Salivary duct carcinoma has been a first reported type among malignant transformations from WT. Salivary duct carcinoma is always a high-grade malignancy with a male to female ratio of 4:1. (11) Some SDCs arise as the malignant component of a carcinoma ex pleomorphic adenoma. Most SDCs show positive distinct membrane staining for HER2/neu protein. (11) In this case, the carcinoma component also shows 2+ to 3+ membranous staining pattern. The overexpression of this protein is well correlated with an amplification of ERBB2 (HER2 gene) on FISH. (12) Patients with ERBB2-positive tumors are potential candidates for treatment with trastuzumab (Herceptin, Genentech, San Francisco, California). HER2/neu overexpression is considered a prognostic marker for SDC, as well as tumor size and distant metastasis.

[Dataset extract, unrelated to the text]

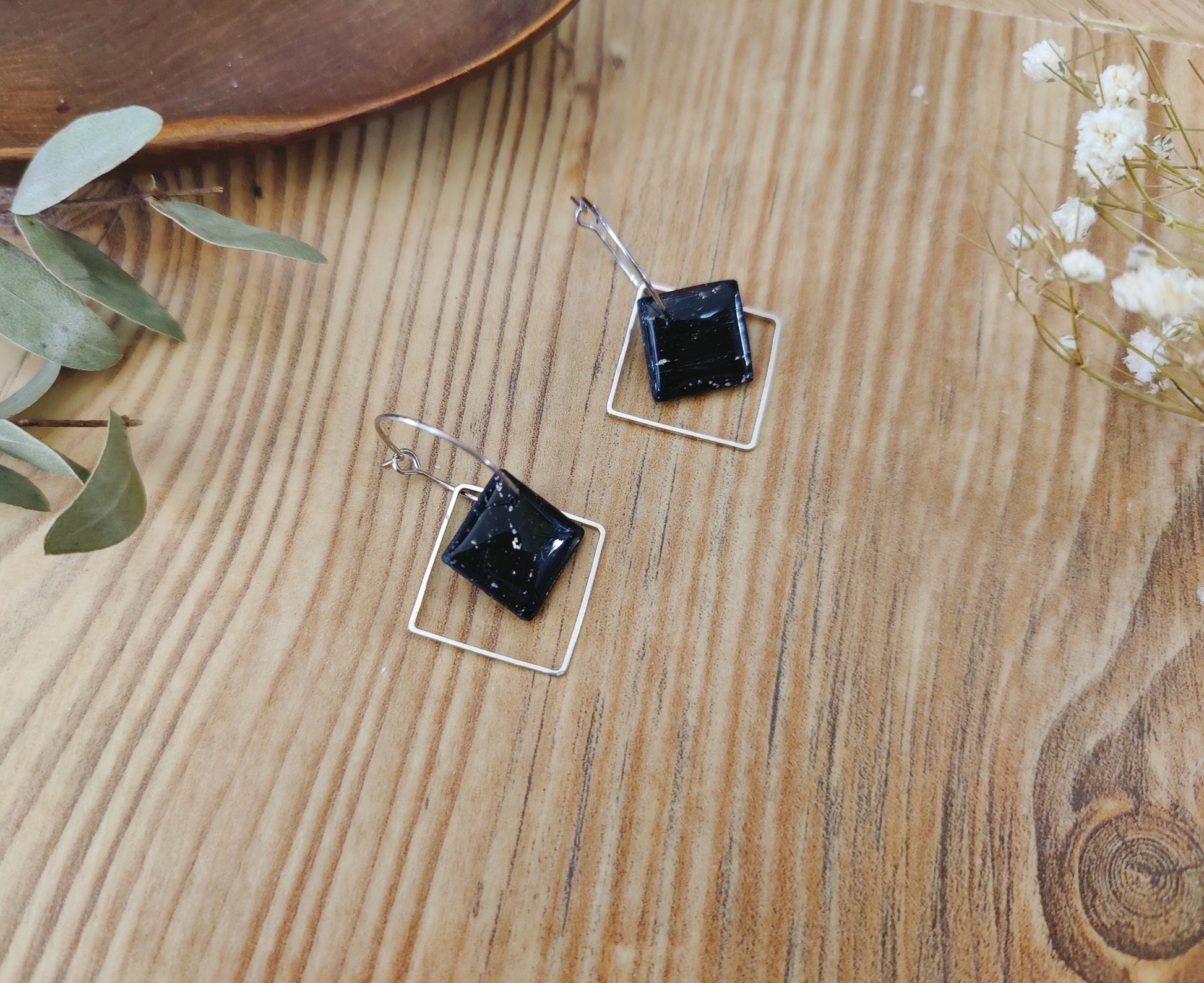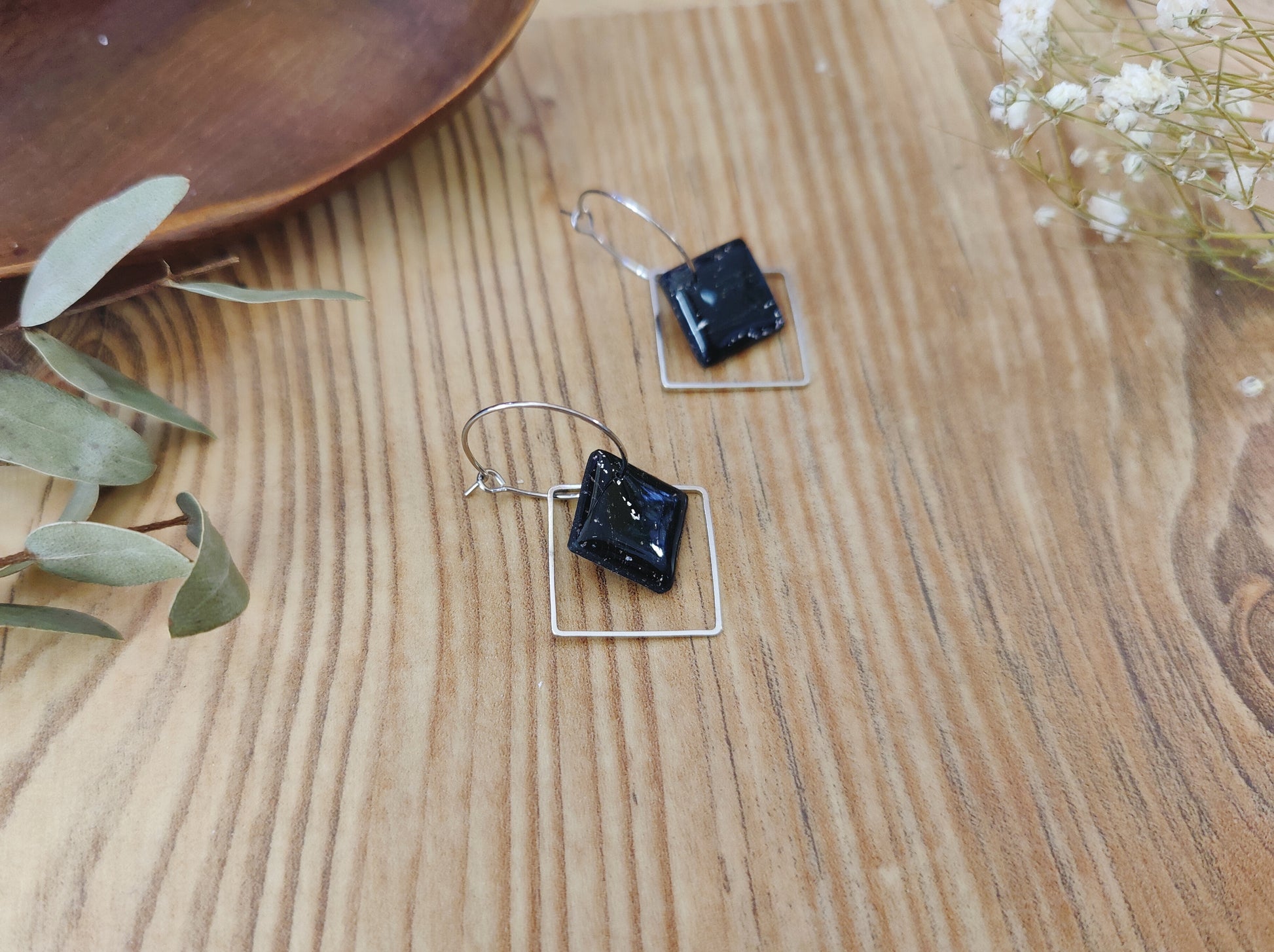 Diese eleganten Creolen aus hochwertigem Polymer-Ton sind ein stilvolles Accessoire für jeden Anlass. Die Kombination aus tiefem Schwarz und edlen silber Akzenten verleiht ihnen eine moderne und dennoch zeitlose Optik. Die weißgolden Creolen erinnern an einen Edelstein und und wirken dadurch schlicht und sehr edel.

For evaluation of tumor progression, we performed SNP microarray analyses from the oncocytic epithelium of the WT component and the SDC component. The oncocytic epithelium showed a normal diploid chromosomal complement. The SDC tumor showed a complex chromosomal profile with multiple losses including homozygous loss of the CDKN2A/CDKN2B (p16/p15) locus and amplification of a region in 12q that includes the MDM2 gene, which is a key regulator of p53 activity by inducing its degradation. (13) Overexpression of MDM2 mRNA has been reported in most salivary gland tumor cell lines (pleomorphic adenoma; epithelial-myoepithelial carcinoma; carcinoma ex pleomorphic adenoma; adenoid cystic carcinoma; adenocarcinoma, not otherwise specified). (7) MDM2 overexpression is capable of inactivating the p53 function, leading to tumorigenesis. The virtual karyotype results also confirmed the increased ratio of the ERBB2 locus compared with the chromosome 17 centromere, thus confirming the increased ERBB2:CEP17 ratio detected by FISH.

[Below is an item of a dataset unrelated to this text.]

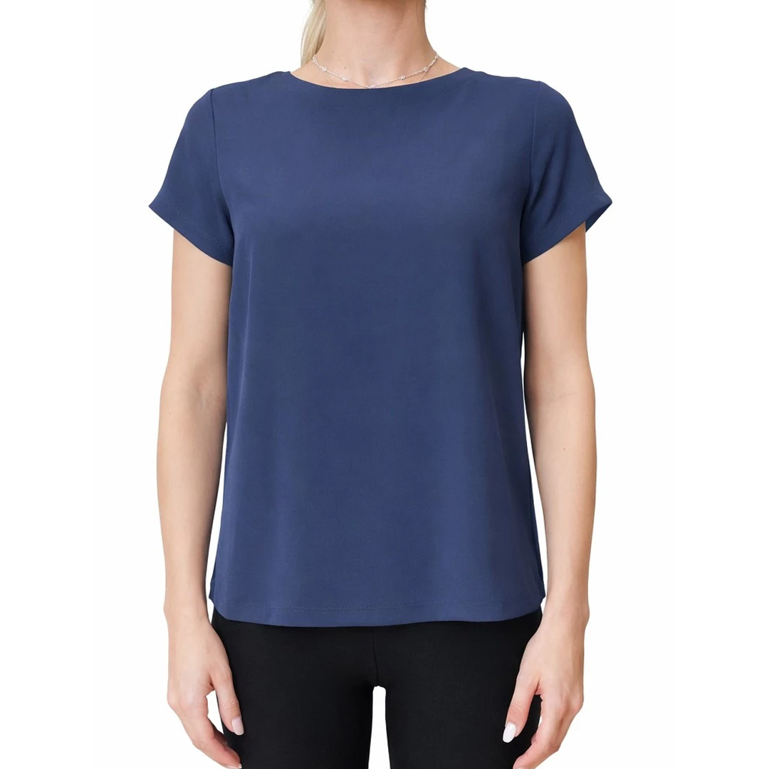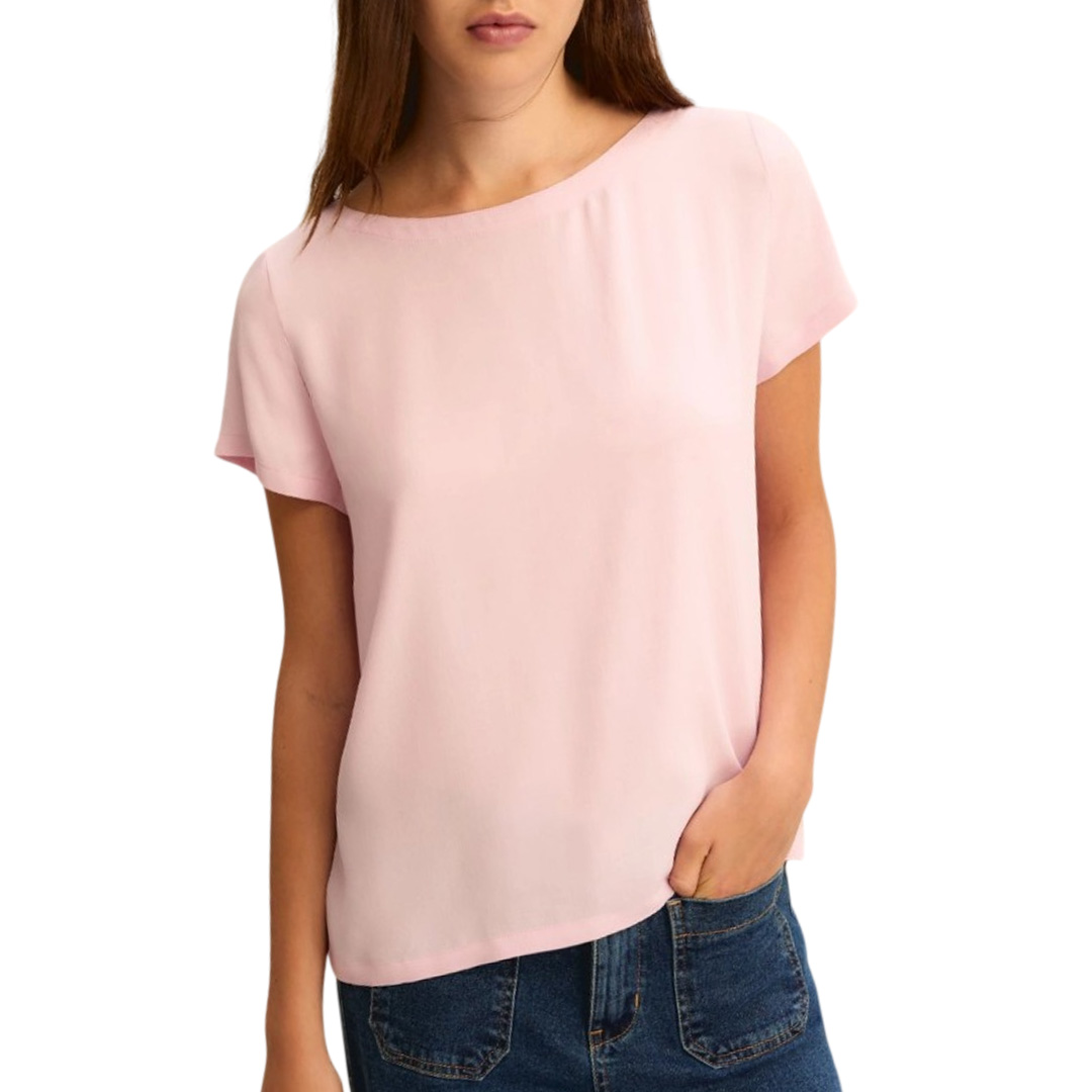 Versatile and elegant blouse in silk-blend crêpe de Chine for a luxurious touch on the skin. With short sleeves and a boat neck inspired by 1980s sailor blouses. Main fabric containing raw materials derived from wood cellulose, a fiber obtained in compliance with forestry heritage. Silk-blend crêpe de Chine blouse. Regular fit. Boat neck. Short sleeves.

In a recent report, Persson and colleagues (14) have postulated that 12q genes (in particular MDM2) may be a main target gene for malignant transformation in carcinoma ex pleomorphic adenoma. In addition, HMGA2 has been shown to be the target gene in pleomorphic adenoma with translocations involving 12q14-15 and is frequently coamplified with MDM2. Stenman (15) concluded that pleomorphic adenoma with coamplification of HMGA2 and other 12q genes (especially MDM2) may have an increased risk of malignant transformation.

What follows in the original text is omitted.